High-speed and intensity exercise may be associated with more damage and reduced robustness in injured lower leg bones in racehorses, reports a paper published in Scientific Reports.

Bone lesions often precede stress fractures and are characterized by low bone volume, low mineral density, and high levels of microdamage such as tiny cracks. Lesions often form in response to damaging ‘loading’ of the bone, such as from impact during exercise. However, bone also responds to damage by repairing itself using special cells called osteoclasts, and can in fact become stronger (known as remodelling) through repeated loading during training. Racehorses are particularly vulnerable to potentially fatal stress-fractures due to the high intensity exercise they experience during training and racing.

To explore the relationship between exercise and bone damage, Sarah Shaffer and colleagues examined the proximal sesamoid bone (a bone in the lower leg) during the necropsy of twenty racehorses.
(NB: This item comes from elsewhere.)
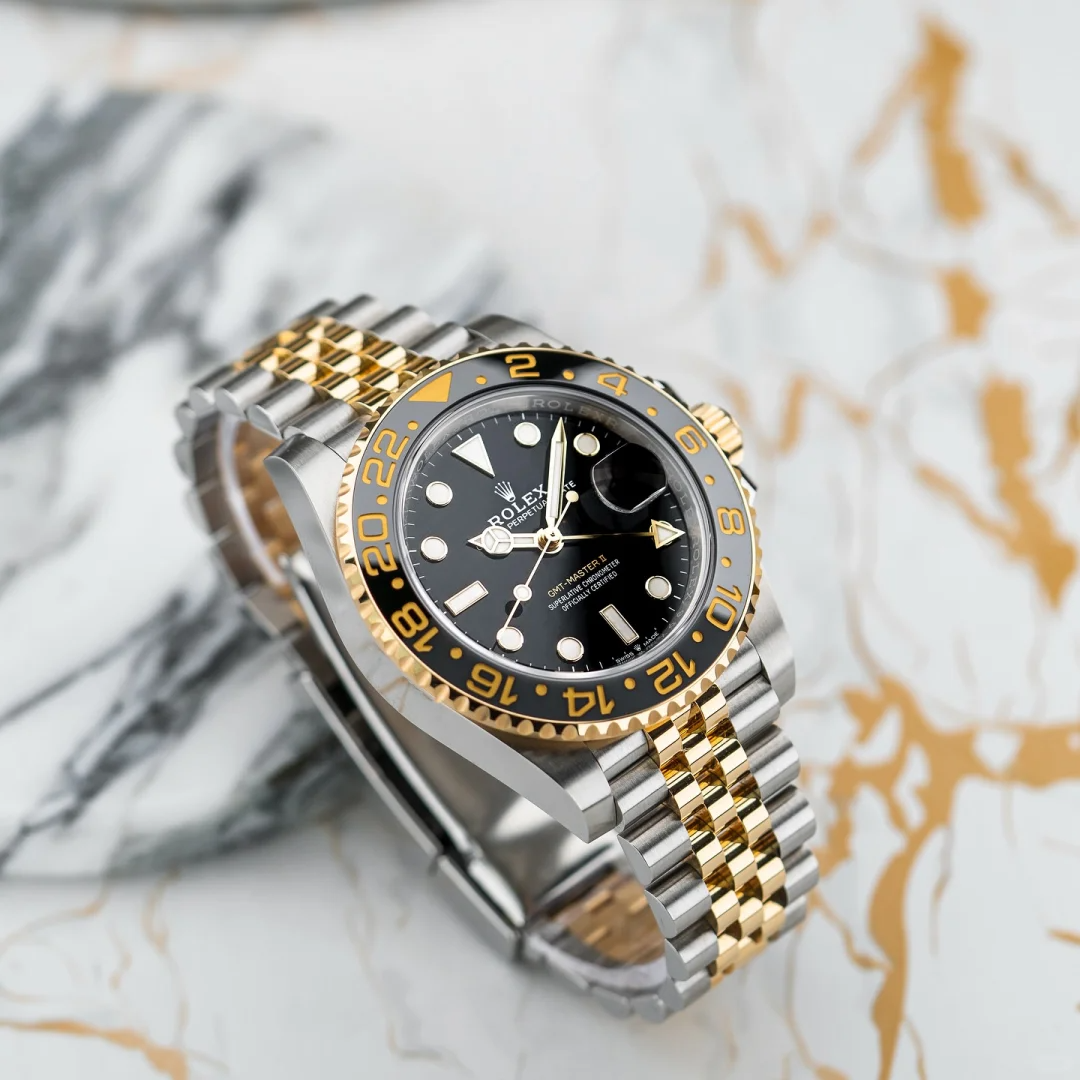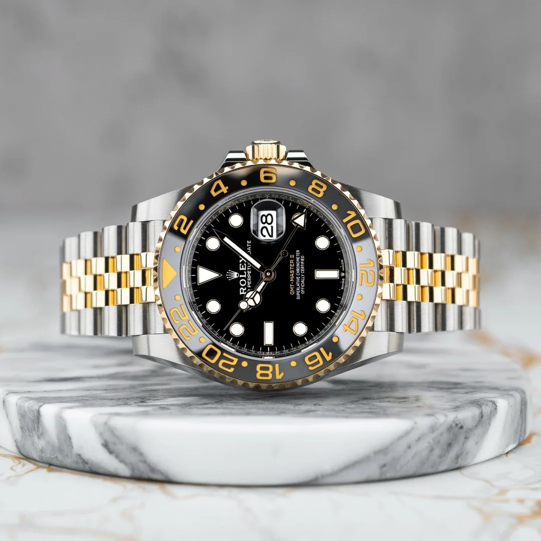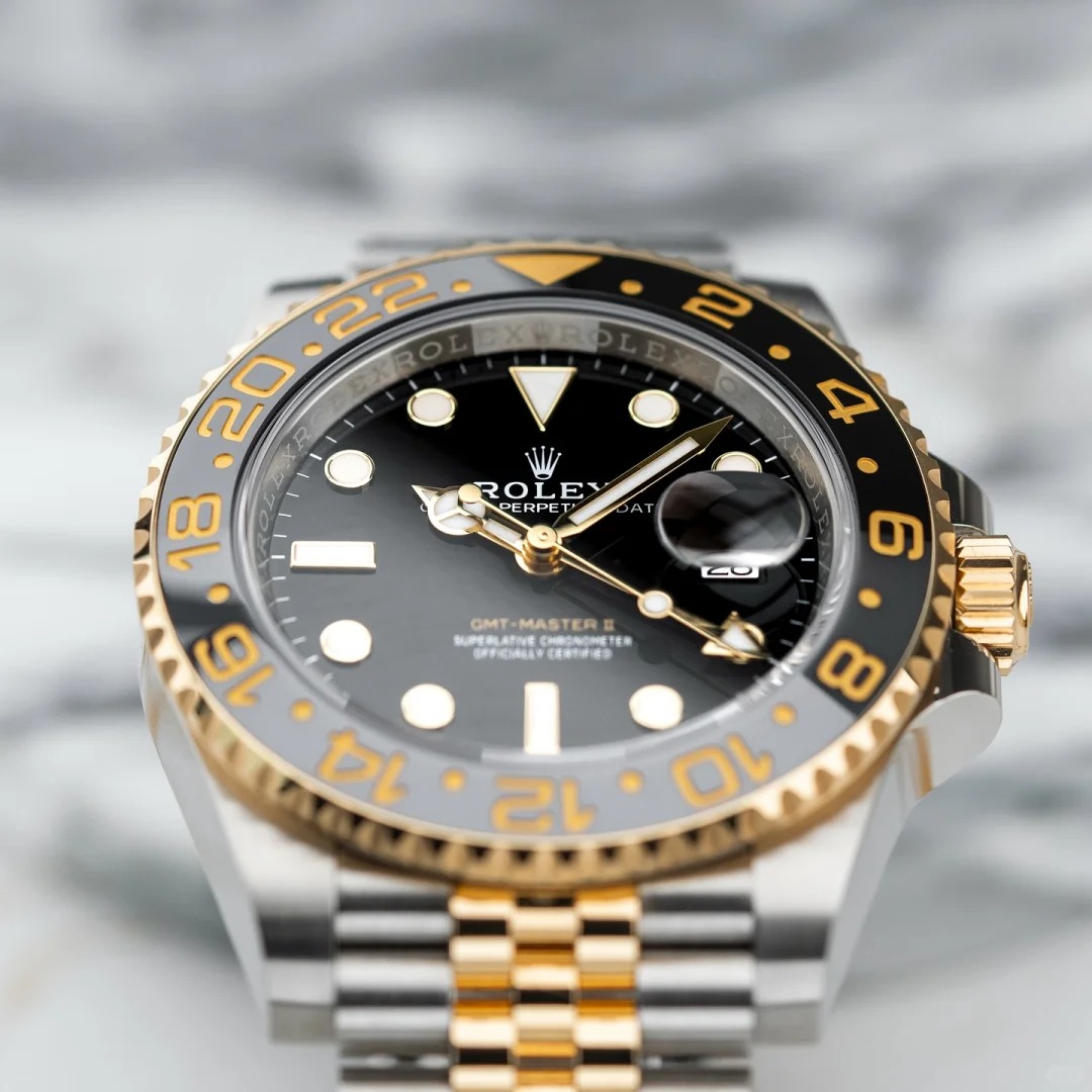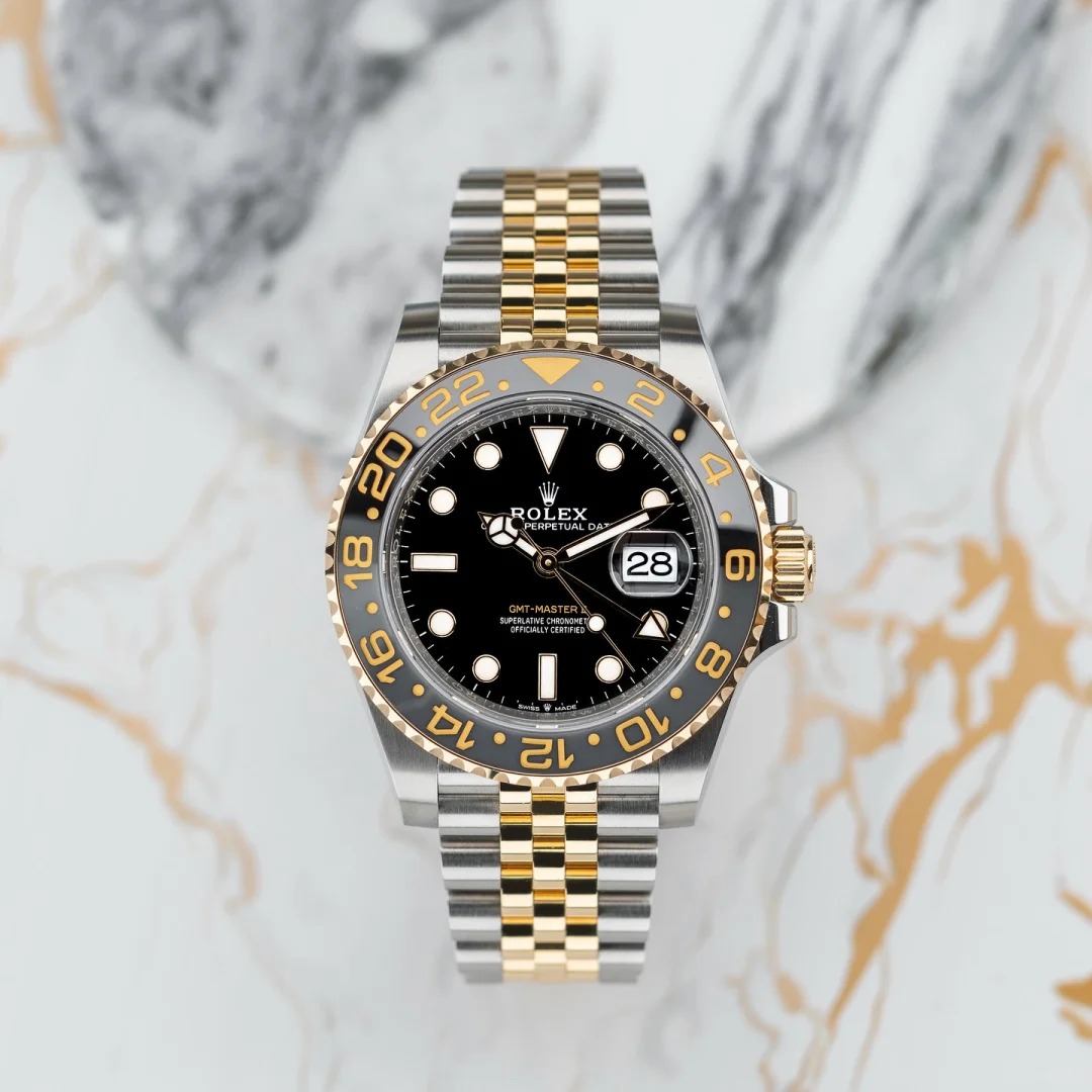 The Oyster Perpetual GMT-Master II is available in yellow gold and Oystersteel with a black dial and a Jubilee bracelet. -m126713grnr-0001 40mm

The authors examined the fractured and intact proximal sesamoid bones from ten horses who had suffered fatal fractures. They compared the bone mineral density, bone volume, and microdamage in this sample to intact proximal sesamoid bones of ten control horses. Case horses had a bone lesion with high levels of microdamage and low bone volume. These observations were used to estimate the rate of remodelling occurring in the sesamoid bones.

The authors then modelled the relationship between bone damage and remodelling, and exercise intensity, time off from exercise (layups), and exercise levels between two and ten months before the racehorse died. For injured horses, damage at the lesion site was associated with high-speed workouts in the four months prior to death, as well as greater time between races while the horse was in active training. Frequent high-speed exercise before death was also associated with lower bone density at the lesion site. However, at other locations, higher rates of remodelling were associated with more cumulative races in the ten months prior to death.

Further research is needed to better identify when exercise may be beneficial or detrimental to bone health.